Conversely, Forza Motorsport runs at a clunky 25fps with its settings maxed out. However, if you set Dynamic Render Quality to High, and leave the rest of the settings on Auto, the game still looks great, and runs at a steady average of 61fps.
Finally, Assassin’s Creed Shadows is a demanding game, but this iGPU can still just about cope with it. Ultra High settings are out of the question, but we found a happy compromise with the game running at High settings, ray tracing set to hideout only, and XeSS on the Quality preset. The game then averages 36fps, which is playable, even if it isn’t super smooth. Enabling frame gen bumps up this figure to 57fps, but we wouldn’t recommend it, as you get occasional artifacts and it can feel a bit juddery in action.
While gaming performance here is excellent for an integrated GPU, there are a few issues worth discussing. One is that one of our usual test games, Mount & Blade II: Bannerlord, wouldn’t run at all – it just cashed out after the loading screen. There were also some oddities with XeSS – there’s basically no difference in performance between the Balanced and Quality settings in Assassin’s Creed Shadows, for example. Enabling XeSS frame gen in F1 25 also seemed to make no difference to performance. It’s also worth pointing out that while quite a few games support Intel XeSS now, it doesn’t have anything like the ubiquity of Nvidia DLSS.

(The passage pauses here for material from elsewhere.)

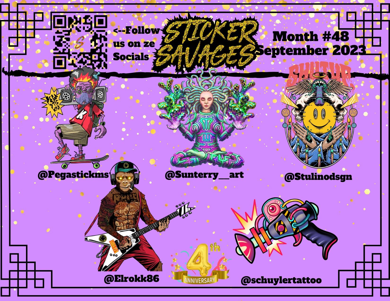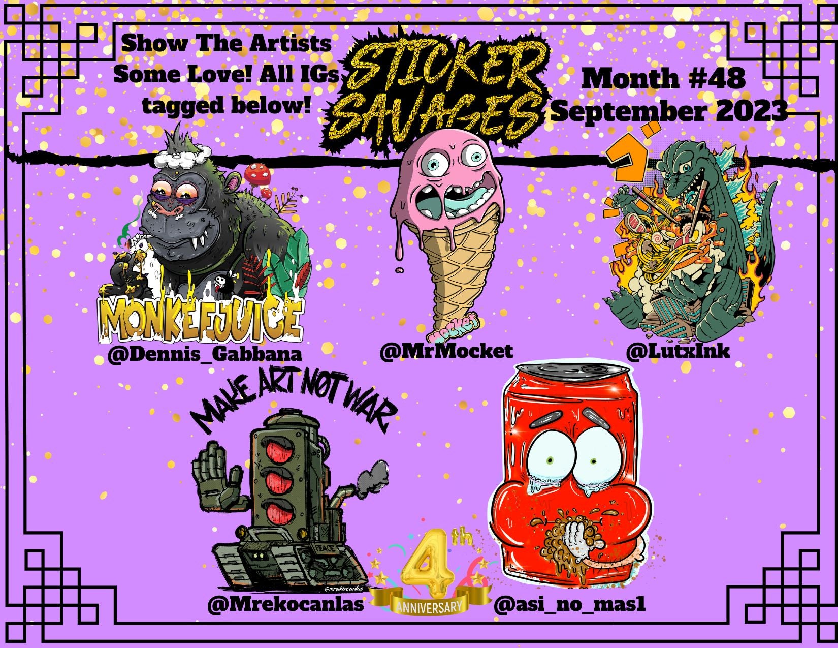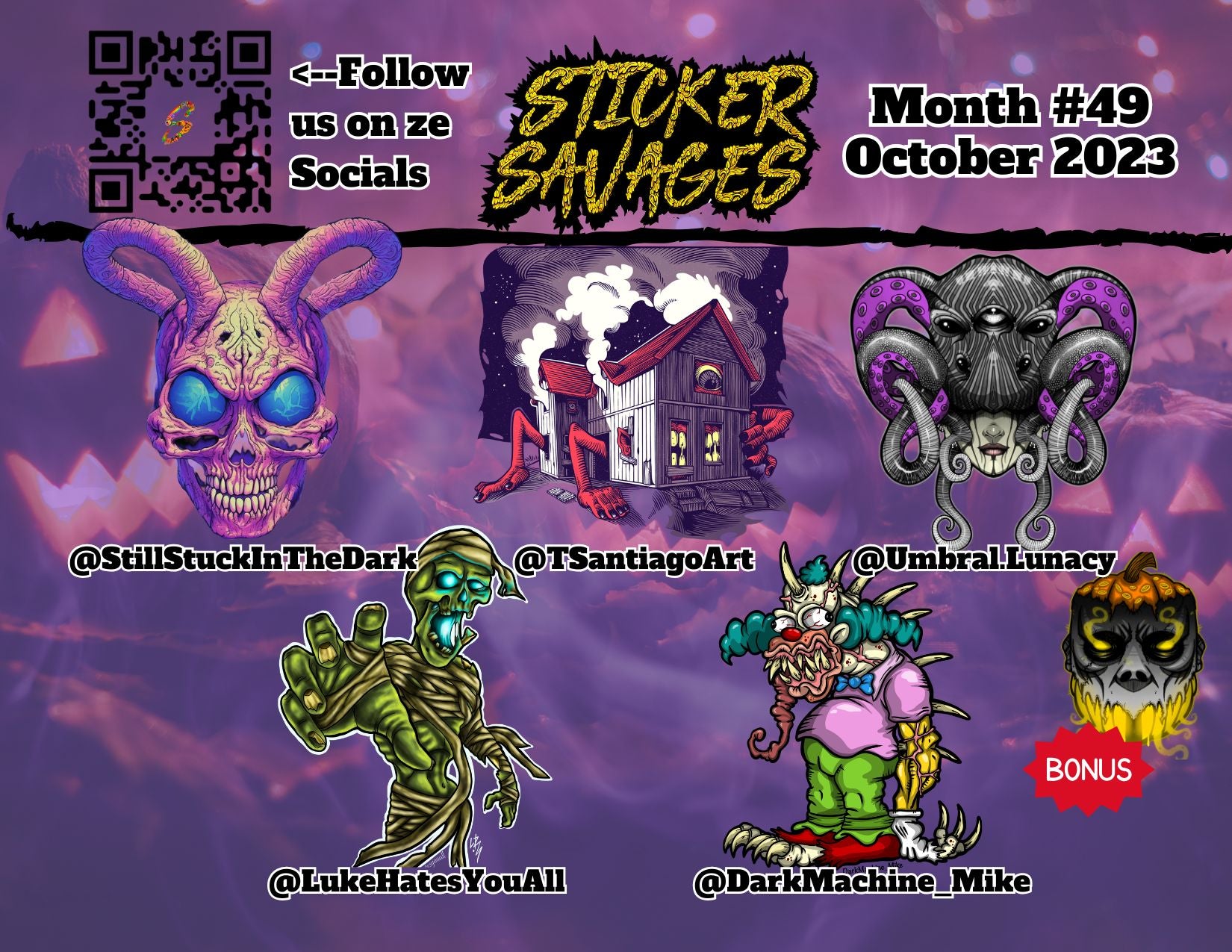 cyclops ball cyborg, spray can triangle man and a awesome king skeleton sticker in August.

In terms of raw gaming pace, though, Arc B390 is a stunning piece of engineering. It’s an integrated GPU that genuinely enables you to play the latest games at 1920×1080, and with decent settings enabled. You basically don’t need a discrete low-end GPU any more, and you can properly play games on a small, thin and light laptop.
Power draw
| Asus Zenbook 14 Duo UX8407 Intel Core Ultra X9 388H (total system) | |
| Peak Cinebench 24 power – Performance | 108W |
| Cinebench 24 power – Balanced | 45-87W |
| Peak Gaming power – Performance | 108W |
| Gaming power – Balanced | 68-71W |
| Idle power draw – Balanced | 8W |
| Office battery life – Balanced | 17:53 |
| Gaming battery life – Performance | 2:04 |
| Gaming battery life – Balanced | 2:30 |
| Gaming battery life – Balanced (no energy saving) | 2:10 |
Power efficiency is the key to Intel Core Ultra Series 3. Intel isn’t trying to break CPU performance records here. Instead, it’s focused on maximising performance per watt, and transforming the thin-and-light laptop space. With the latest fab tech under its hood, as well as Intel’s new CPU and GPU architecture, Panther Lake offers a phenomenal amount of computing might for its small power outlay.
I left the laptop idle for ten minutes while plugged into my Watts Up? Pro power meter, and when I came back, it was steadily drawing just 8W from the mains. That’s using the Balanced Windows power mode, which is fast enough for pretty much anything on the move. With this mode enabled, and Asus’ fan profile set to Standard, it barely makes any noise, and Cinebench 2024 churns out a multi-threaded score of 986 – a 15% performance drop compared to running flat out with Performance mode enabled.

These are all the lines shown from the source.